From the material below, copy exactly the lines beginning with the one that contains "계좌등록 메뉴 등록 항목을 확인해 보겠습니다." and ending with the one that contains "الجماعة الإسلامية تدين"; the pictures stay out.

───── Provided information

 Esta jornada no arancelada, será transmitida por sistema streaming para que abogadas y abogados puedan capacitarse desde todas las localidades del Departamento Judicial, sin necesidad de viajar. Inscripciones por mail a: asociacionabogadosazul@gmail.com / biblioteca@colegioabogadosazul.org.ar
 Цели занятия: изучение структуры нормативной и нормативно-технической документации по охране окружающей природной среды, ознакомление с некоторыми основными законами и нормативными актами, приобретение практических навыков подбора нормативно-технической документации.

──────────
───── Provided information

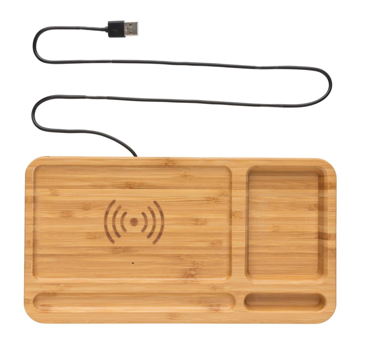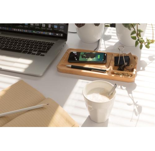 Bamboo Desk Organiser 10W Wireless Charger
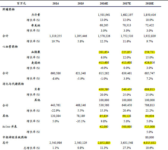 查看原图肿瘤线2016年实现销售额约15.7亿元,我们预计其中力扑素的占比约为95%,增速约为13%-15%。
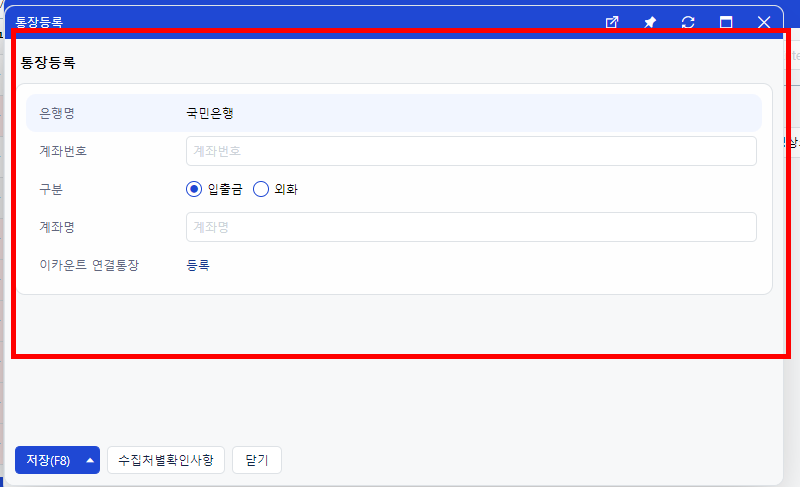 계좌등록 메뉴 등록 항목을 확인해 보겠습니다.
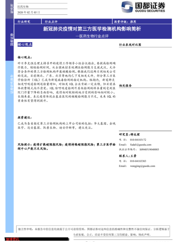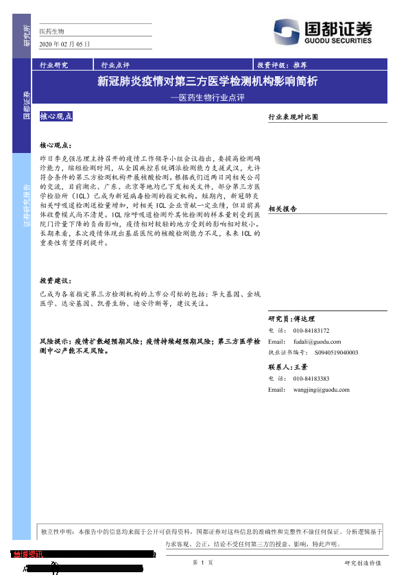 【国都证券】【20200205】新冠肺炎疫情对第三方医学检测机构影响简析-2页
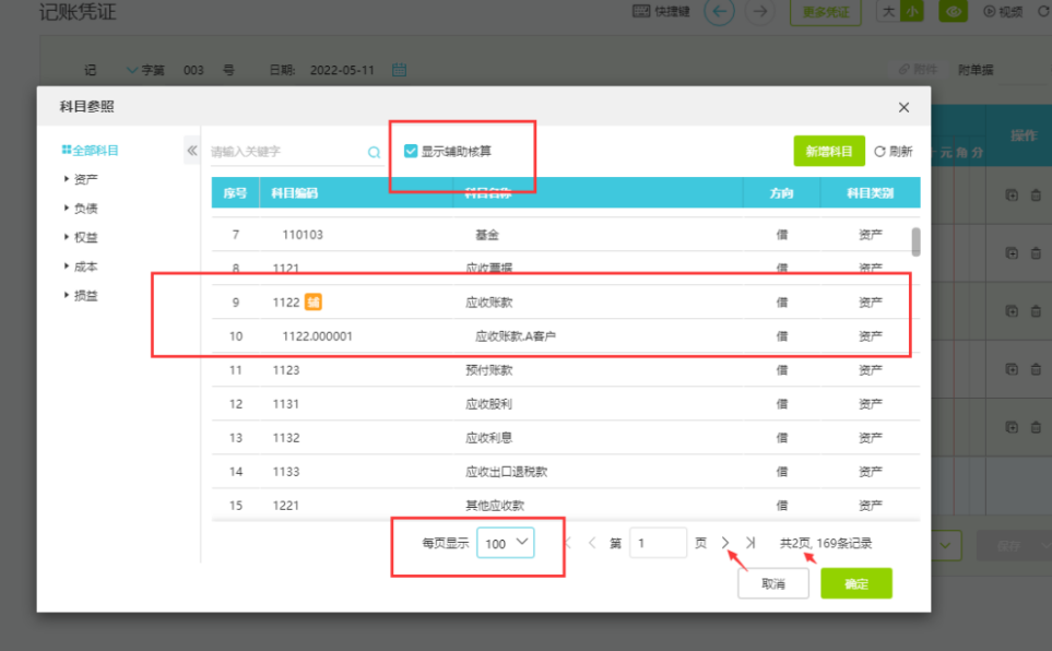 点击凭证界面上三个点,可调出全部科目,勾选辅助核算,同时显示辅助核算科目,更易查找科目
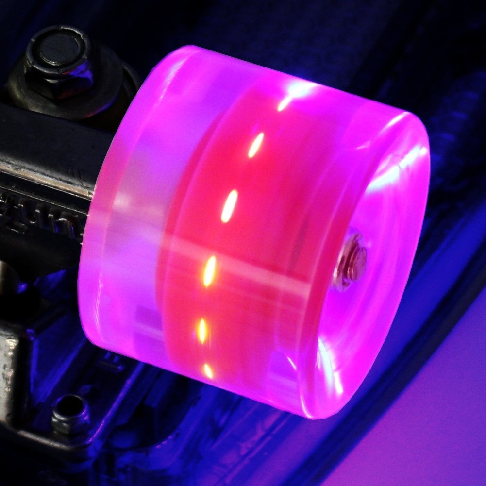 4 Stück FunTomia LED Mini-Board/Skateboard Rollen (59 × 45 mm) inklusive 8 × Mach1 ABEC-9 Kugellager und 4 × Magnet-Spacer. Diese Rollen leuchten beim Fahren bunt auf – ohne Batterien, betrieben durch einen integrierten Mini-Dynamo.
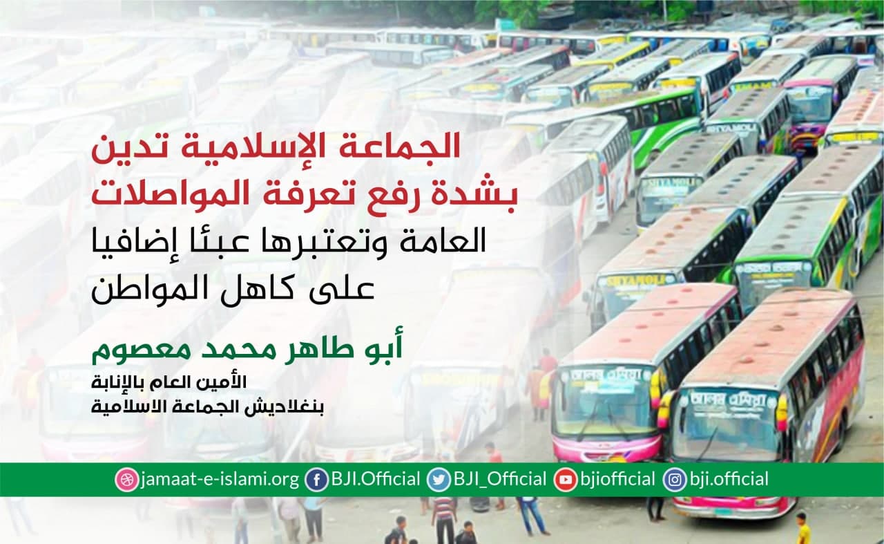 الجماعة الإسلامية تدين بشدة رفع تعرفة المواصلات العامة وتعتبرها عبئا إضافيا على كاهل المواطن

──────────
───── Provided information

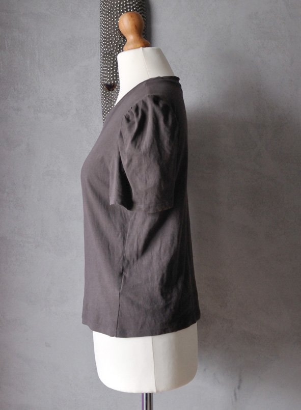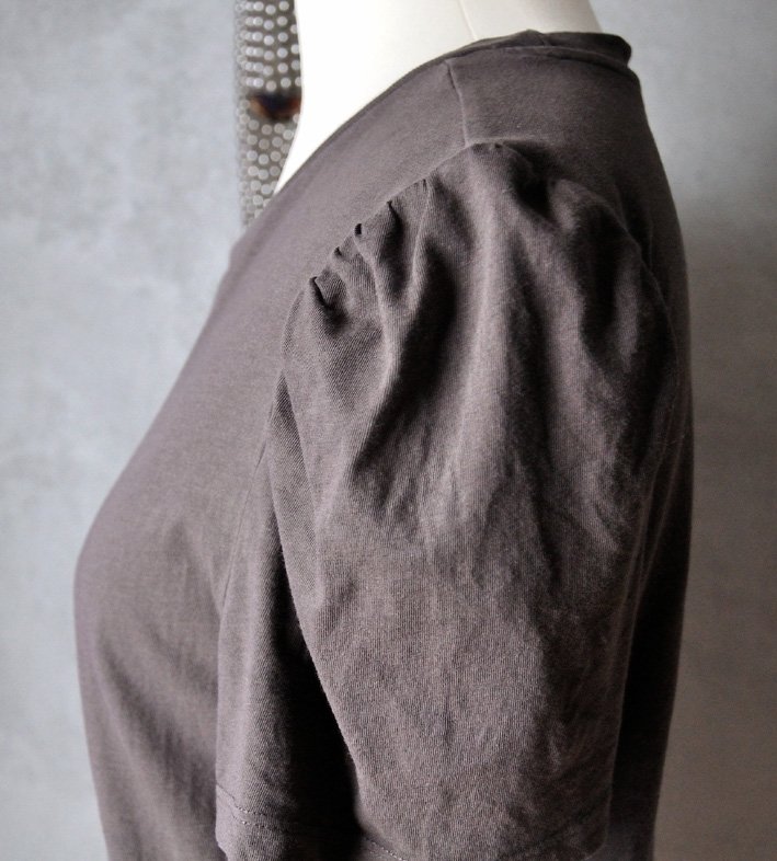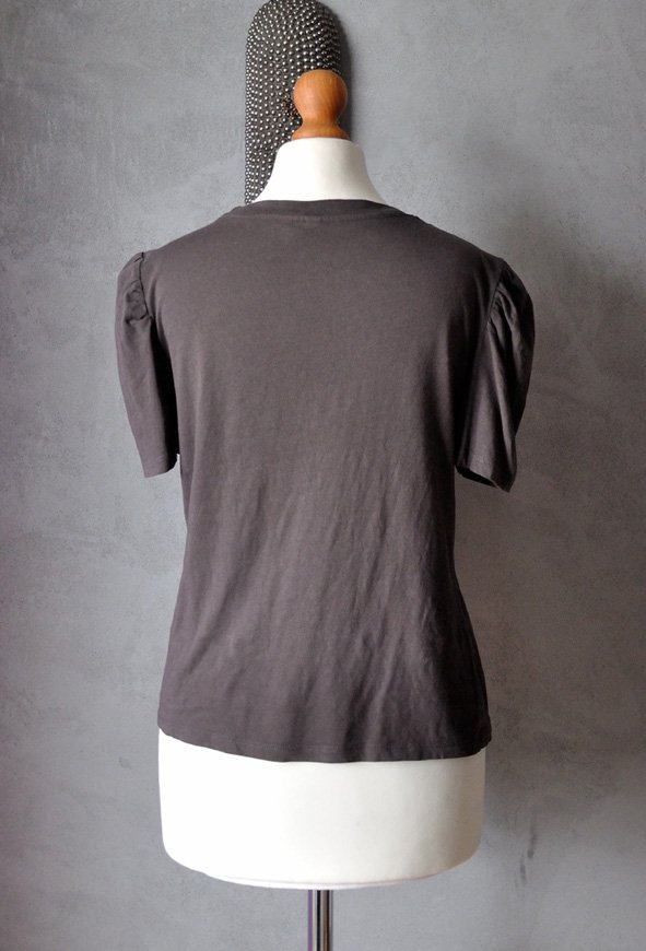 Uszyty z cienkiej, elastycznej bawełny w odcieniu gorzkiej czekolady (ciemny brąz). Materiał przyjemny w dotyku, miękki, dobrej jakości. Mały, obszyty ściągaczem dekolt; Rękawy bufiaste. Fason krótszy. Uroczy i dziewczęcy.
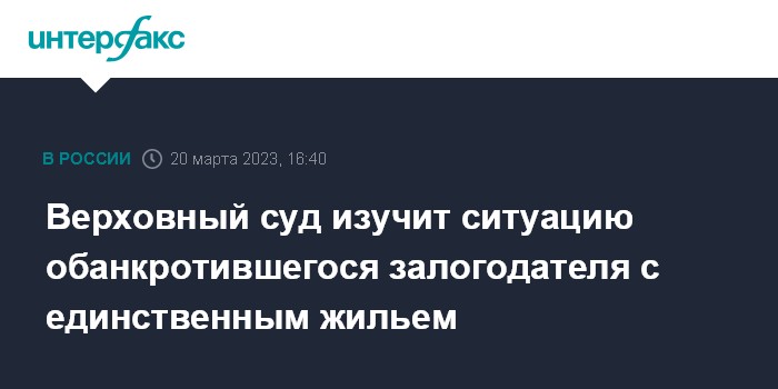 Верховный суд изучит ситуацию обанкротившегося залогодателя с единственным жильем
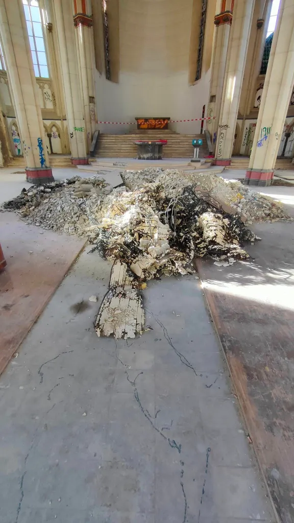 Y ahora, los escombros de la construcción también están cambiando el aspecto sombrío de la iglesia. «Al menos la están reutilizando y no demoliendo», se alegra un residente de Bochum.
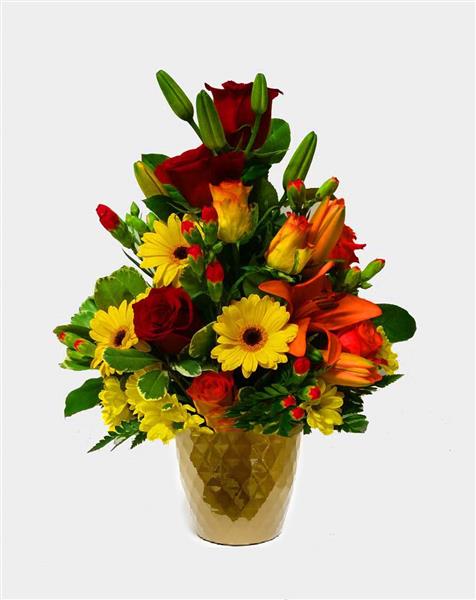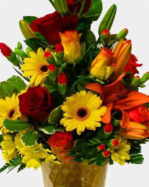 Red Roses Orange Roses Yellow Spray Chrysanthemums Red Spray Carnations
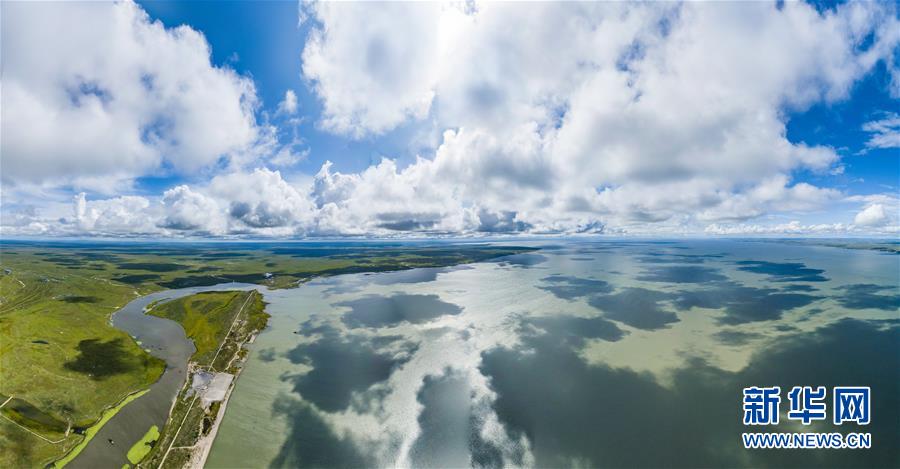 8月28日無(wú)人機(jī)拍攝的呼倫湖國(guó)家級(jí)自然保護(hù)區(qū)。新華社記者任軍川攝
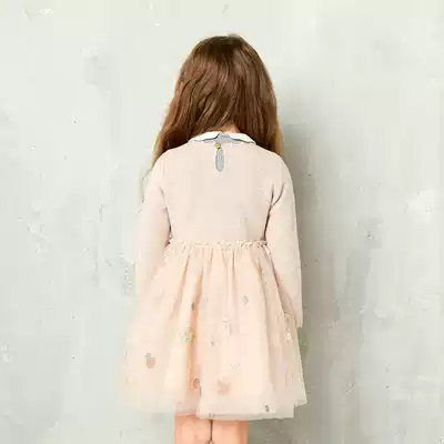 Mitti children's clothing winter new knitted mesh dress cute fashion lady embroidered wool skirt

──────────

Exercise result ->
 계좌등록 메뉴 등록 항목을 확인해 보겠습니다.
 【国都证券】【20200205】新冠肺炎疫情对第三方医学检测机构影响简析-2页
 点击凭证界面上三个点,可调出全部科目,勾选辅助核算,同时显示辅助核算科目,更易查找科目
 4 Stück FunTomia LED Mini-Board/Skateboard Rollen (59 × 45 mm) inklusive 8 × Mach1 ABEC-9 Kugellager und 4 × Magnet-Spacer. Diese Rollen leuchten beim Fahren bunt auf – ohne Batterien, betrieben durch einen integrierten Mini-Dynamo.
 الجماعة الإسلامية تدين بشدة رفع تعرفة المواصلات العامة وتعتبرها عبئا إضافيا على كاهل المواطن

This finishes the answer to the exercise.